• _To do_: Your response is a verbatim copy of the listing, stripped of its images.

• _Data block_:
········

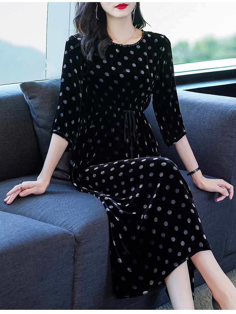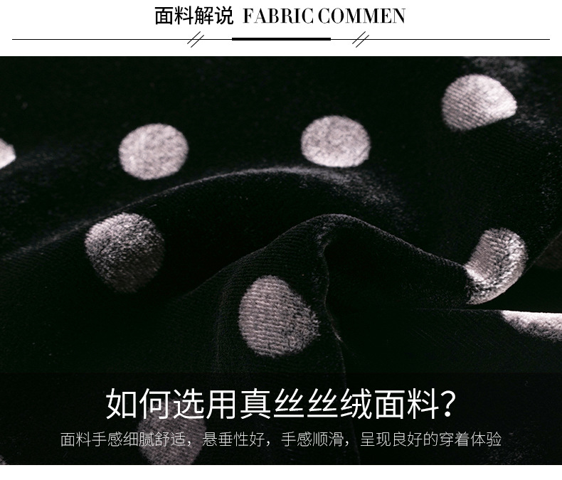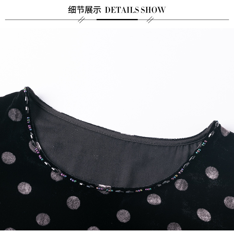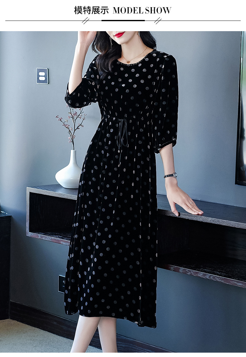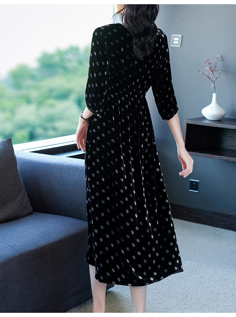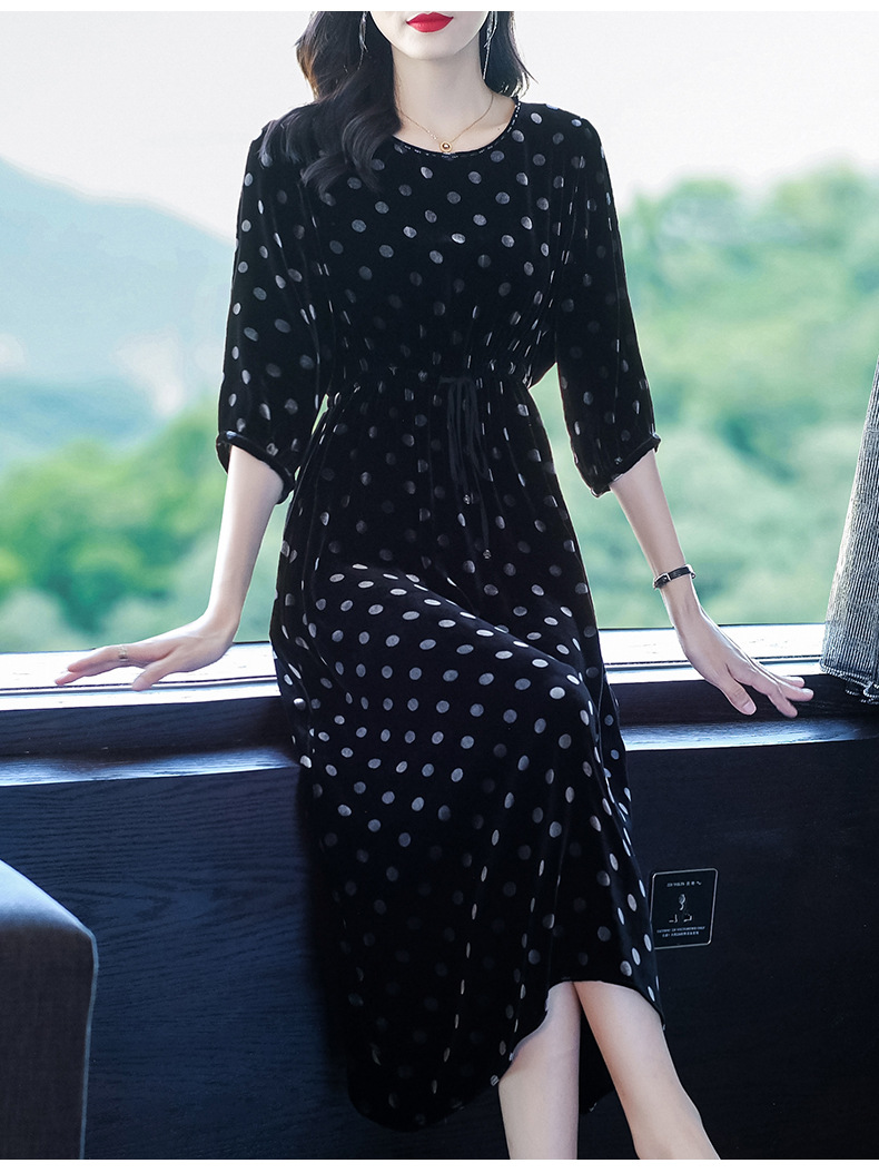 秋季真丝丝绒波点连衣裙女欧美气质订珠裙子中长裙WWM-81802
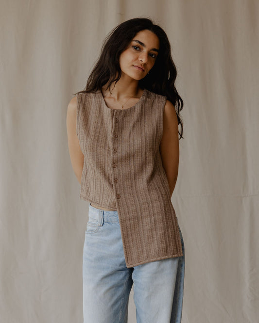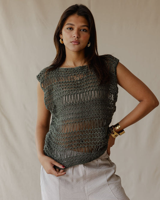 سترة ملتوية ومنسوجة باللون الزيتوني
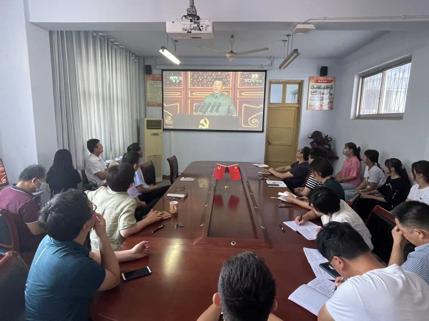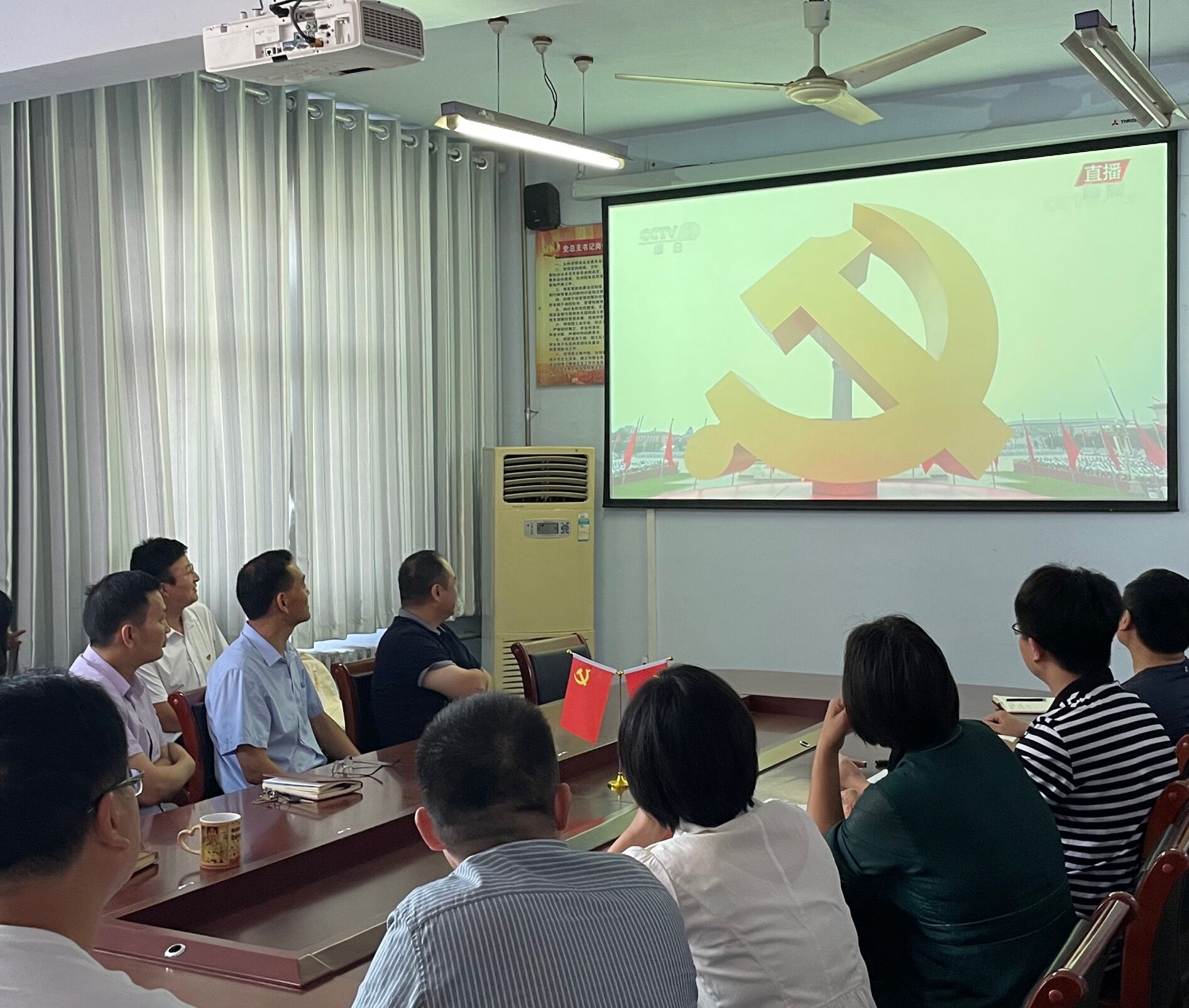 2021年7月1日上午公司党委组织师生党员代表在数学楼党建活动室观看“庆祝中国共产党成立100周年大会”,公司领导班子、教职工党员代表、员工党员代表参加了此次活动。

········

• _Your response_:
 秋季真丝丝绒波点连衣裙女欧美气质订珠裙子中长裙WWM-81802
 سترة ملتوية ومنسوجة باللون الزيتوني
 2021年7月1日上午公司党委组织师生党员代表在数学楼党建活动室观看“庆祝中国共产党成立100周年大会”,公司领导班子、教职工党员代表、员工党员代表参加了此次活动。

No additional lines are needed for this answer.